The New York Post (4/5, Edelman) also publishes a special article on the new assessments, explaining some of the tenets of the Common Core. The piece includes "a summary of the standards at all grade levels, plus sample problems and tasks to help you guide your kids."

Pennsylvania Students Allowed To Opt Out Of Assessments

The AP (4/8) reports on the "rarely used opt-out provision" for the Pennsylvania System of School Assessment, noting that Kathy Newman, the mother of a nine-year-old, has "caused a buzz by encouraging others to follow her 'act of civil disobedience.' ... Opting out is extremely unusual in Pennsylvania: Only 260 out of about 932,000 students were excused from the math and reading PSSAs last year; an even lower number opted out of the science exam, according to the state Education Department."

Pennsylvania Students Allowed To Opt Out Of Assessments

The AP (4/8) reports on the "rarely used opt-out provision" for the Pennsylvania System of School Assessment, noting that Kathy Newman, the mother of a nine-year-old, has "caused a buzz by encouraging others to follow her 'act of civil disobedience.' ... Opting out is extremely unusual in Pennsylvania: Only 260 out of about 932,000 students were excused from the math and reading PSSAs last year; an even lower number opted out of the science exam, according to the state Education Department."

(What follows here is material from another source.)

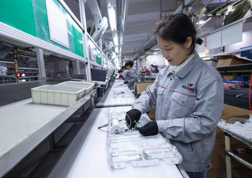2月19日,工人在位于浙江金華市金義新區(qū)的浙江好易點科技股份有限公司車間內(nèi)組裝智能晾衣機。據(jù)介紹,該公司已形成年產(chǎn)智能晾衣機100萬套生產(chǎn)能力。新華社記者 徐昱 攝
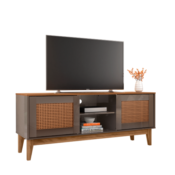 Rack Safira 2 Portas Cinza Perola Cedro Casa D Móveis Sala

Indiana Legislator Expresses Concerns About Decline Of Cursive

The Goshen (IN) News (4/8, Hayden) reports that Indiana state Sen. Jean Leising is concerned that students visiting a nearby museum with documents written by Abraham Lincoln may soon be unable to read the documents "because schools in Indiana and elsewhere are now allowed to drop cursive writing instruction under new national teaching standards crafted for the digital age. ... The use of cursive writing has been fading from society since the arrival of the computer keyboard. Advocates of longhand blame the so-called common core education standards for hastening its demise." The article describes the controversy among educators and historians.

Columnist Questions Whether Standards Matter

Mary McConnell writes in a Deseret (UT) News (4/4) column, "When the debate over the common core standards first erupted, my initial reaction was, 'do standards really matter that much, anyway?'" McConnell makes the point that "standards seldom change what happens in the classroom, and that's where really education reform needs to happen," arguing that "Common Core doesn't matter because standards mostly don't matter."

Columnist Pans Common Core Over Grammar, Cursive

In a column in the Detroit Free Press (4/8) Rochelle Riley laments low literacy rates in Michigan, writing that a turning away from grammar instruction in schools and "the universally accepted notion that writing in cursive is passé" are the biggest obstacles that students face. Riley quotes a spokesperson for the Michigan Department of Education saying that grammar is addressed by the Common Core Standards, but adds "it is not taught the way it was years ago, so between lax instruction in some schools and texting language outside schools, many children are having difficulty writing themselves into college."